Be approachable. Tuck away your phone. Intentionally make eye contact instead of looking away. Smile. Joke with your cashier, admire the baby ahead of you, say thank you, good morning, goodbye, compliment, appreciate, and communicate. Even seemingly meaningless interactions give people you interact with the assurance that they can talk to you or others about your faith without offending you or risking being made to feel like an idiot by your snobbish holiness. I was shocked to find that this is a common misconception about conservative Anabaptists. Apparently, we’re snobs who think we’re better than everyone else.

Snobs don’t hobnob.

Hobnob actively, purposefully, and joyfully.

Approachable in relationship

I’ve known several people in my life who are remarkably refreshing. I feel a freedom with them to be honest and to really talk about what I’m going through, because I know they won’t judge me or reject me. I trust them, and I know they don’t become that way accidentally. They’re intentionally at rest, they listen, they know they’re not always right, and they’ve stayed soft and open. They’re approachable.

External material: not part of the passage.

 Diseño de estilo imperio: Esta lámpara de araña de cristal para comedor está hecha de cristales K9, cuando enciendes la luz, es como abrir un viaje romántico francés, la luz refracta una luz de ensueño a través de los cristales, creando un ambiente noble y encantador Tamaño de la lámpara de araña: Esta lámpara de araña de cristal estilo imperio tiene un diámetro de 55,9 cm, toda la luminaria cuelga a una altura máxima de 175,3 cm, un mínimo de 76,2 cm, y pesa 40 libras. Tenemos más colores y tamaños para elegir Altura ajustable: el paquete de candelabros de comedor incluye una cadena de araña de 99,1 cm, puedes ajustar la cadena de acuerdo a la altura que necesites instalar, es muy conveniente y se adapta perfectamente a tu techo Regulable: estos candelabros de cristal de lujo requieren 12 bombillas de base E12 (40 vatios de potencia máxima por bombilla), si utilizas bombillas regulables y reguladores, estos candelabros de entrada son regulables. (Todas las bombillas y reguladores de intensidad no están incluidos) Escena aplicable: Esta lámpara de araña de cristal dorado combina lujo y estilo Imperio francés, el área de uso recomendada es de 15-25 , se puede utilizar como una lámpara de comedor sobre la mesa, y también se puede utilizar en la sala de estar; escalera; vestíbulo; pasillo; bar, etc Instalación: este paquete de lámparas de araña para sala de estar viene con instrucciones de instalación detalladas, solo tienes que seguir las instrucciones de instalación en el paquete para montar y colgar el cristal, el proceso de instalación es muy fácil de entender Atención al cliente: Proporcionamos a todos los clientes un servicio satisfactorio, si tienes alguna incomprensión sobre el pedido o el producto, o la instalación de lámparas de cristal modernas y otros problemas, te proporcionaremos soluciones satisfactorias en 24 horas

Learn to be at rest.  The peace and trust Christians find in Christ’s faithful care stands in stark contrast with the world around them. People at rest ultimately have confidence in God’s provision in their lives, even when they temporarily doubt it. They have marvelous peace about them. It’s as if their spirits are relaxed. Learn to consciously rest in your trust in God. This can also mean being quiet – instead of mindlessly filling minutes, take time to literally be silent. I think God really wants us to sit before Him in silence, without pushing our agendas or demanding immediate answers. When you do this, the people around you start to feel a freedom from you – you subconsciously stop needing to fill the silence or stay busy. One person who did this for me recently was one of my Mom’s cousins. Bonnie sat down on the lawn beside me and just sat there with me. We didn’t say much, but it was remarkably calming. I felt no pressure to make conversation or to entertain her. Eventually, we did start talking, and I found myself talking about some of the hard things I’ve been facing lately. She didn’t even respond much. She was simply a presence, and I felt valued.

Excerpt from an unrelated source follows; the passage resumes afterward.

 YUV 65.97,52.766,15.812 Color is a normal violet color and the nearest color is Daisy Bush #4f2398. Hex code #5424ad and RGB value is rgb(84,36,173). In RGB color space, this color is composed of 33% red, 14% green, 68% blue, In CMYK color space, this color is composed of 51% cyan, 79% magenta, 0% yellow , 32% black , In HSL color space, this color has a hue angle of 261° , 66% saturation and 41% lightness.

Listen. One thing that fascinates me about Jesus is that He knew when to say nothing. Just listen and truly value what people have to say. Simply being a presence in someone’s life is so powerful. Value what people say and believe, even if you might not agree. Listen without formulating a response.

Consider the fact that you may be wrong in some areas of life, theology, and application. Don’t dismiss others’ opinions or beliefs. Treat their opinions with respect, and remember that other people won’t give your belief in Jesus much credibility if they feel like you’ve dismissed what they believe without waiting around to hear their hearts. Admit your failings, especially to yourself, and stay honest about what God has done for you and who you are because of Him. See everything through the lens of who God is.

Keep your heart and mind soft and uncynical. Don’t build walls to keep people from touching you to protect yourself from being hurt. Allow yourself to be hurt! Learn to turn the other cheek. Give your “rights” to Jesus, and live in the freedom of not needing to desperately defend and protect yourself. Learn to trust that God will walk with you through the hurts that will come instead of trying to bubble wrap yourself against pain.

Approachable in lifestyle

Just a few weeks ago, I was going through airport security when a security agent stopped me and asked about the way I was dressed. I beamed and explained to him that I dress the way I do to draw people to Christ inside me instead of my outward appearance. I was so overjoyed, because in that moment, being approachable was the last thing on my mind. I’ve purposely thought about it in public enough that it apparently became a habit, and, hopefully, a lifestyle.

That day in Walmart and the months after have drastically changed how I run errands, relate to waiters and cashiers, and view the people around me. I’m still missing opportunity after opportunity because I chicken out or get distracted, but I’m learning to relax – I’m learning to hobnob. It’s time for the “silent in the land” to stop being silent. It’s time for us to engage.  It’s time for us to be approachable: in our attitude, relationships, and lifestyle.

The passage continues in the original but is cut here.